I don’t think tape is dead. I think people just forget what problem tape is supposed to solve.

To be honest, in a normal restore scenario, I don’t want to restore from tape. If I need a fast restore, granular recovery, Instant Recovery or SureBackup, I want disk, object storage or a deduplication appliance. That is the right place for operational recovery.

But when everything goes wrong, tape starts to make a lot of sense.

Recently, I worked on a ransomware recovery where tape was not about performance. It was about survival. The environment was compromised, trust was gone, and the fact that the data was on media that could be offline and unreachable made all the difference.

Object Storage with immutability is great. Hardened repositories are great. Dedup appliances are great. I work with these solutions and I like them. But they are still part of an ecosystem: credentials, APIs, clocks, operating systems, lifecycle policies, networks and admins.

And when that ecosystem is compromised or badly configured, “modern” does not automatically mean “safe”.

Also, tape is not standing still.
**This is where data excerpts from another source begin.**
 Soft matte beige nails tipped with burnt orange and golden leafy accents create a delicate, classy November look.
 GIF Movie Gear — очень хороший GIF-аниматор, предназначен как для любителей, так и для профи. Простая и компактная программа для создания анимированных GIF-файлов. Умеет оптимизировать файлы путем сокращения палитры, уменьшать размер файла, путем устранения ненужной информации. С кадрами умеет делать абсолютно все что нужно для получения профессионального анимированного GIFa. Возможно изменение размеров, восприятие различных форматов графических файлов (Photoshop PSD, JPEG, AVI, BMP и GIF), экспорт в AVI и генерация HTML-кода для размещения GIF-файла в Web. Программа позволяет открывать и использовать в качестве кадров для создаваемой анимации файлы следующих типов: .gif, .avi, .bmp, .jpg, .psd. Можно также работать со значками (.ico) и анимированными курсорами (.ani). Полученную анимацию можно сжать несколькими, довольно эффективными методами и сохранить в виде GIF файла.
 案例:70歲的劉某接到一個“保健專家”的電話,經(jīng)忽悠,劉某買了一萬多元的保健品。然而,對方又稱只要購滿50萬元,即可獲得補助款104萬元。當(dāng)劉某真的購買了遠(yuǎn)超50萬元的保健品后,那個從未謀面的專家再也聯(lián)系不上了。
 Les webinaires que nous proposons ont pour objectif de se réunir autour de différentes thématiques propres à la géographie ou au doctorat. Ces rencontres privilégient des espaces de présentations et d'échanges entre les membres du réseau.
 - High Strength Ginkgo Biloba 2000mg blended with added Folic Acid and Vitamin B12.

LTO keeps evolving in capacity, performance and features. But tape is not magic either. If the rotation is bad, if the export process is bad, if the media is not cataloged, or if the handling is poor, tape can become just another problem.
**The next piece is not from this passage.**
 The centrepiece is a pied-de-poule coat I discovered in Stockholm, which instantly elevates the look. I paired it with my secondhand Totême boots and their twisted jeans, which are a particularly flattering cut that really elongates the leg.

I recently shared a case where a data center got flooded, with tapes literally on the floor. A few days later, by coincidence or not, I had to work on a ransomware recovery where what saved the environment was tape. Not those tapes from the floor, thankfully. 😄

That is the funny and scary part about tape: it can save you, but only if the process around it is also good.

So yes, tape has problems:

  • It is slower.

  • It needs handling.

  • It is not great for granular restores.

  • It usually requires staging.

  • It is not for Instant Recovery or SureBackup.

But it also gives you something very hard to replace: a real offline copy.

For me, tape is not the best restore experience. It is the last line of defense.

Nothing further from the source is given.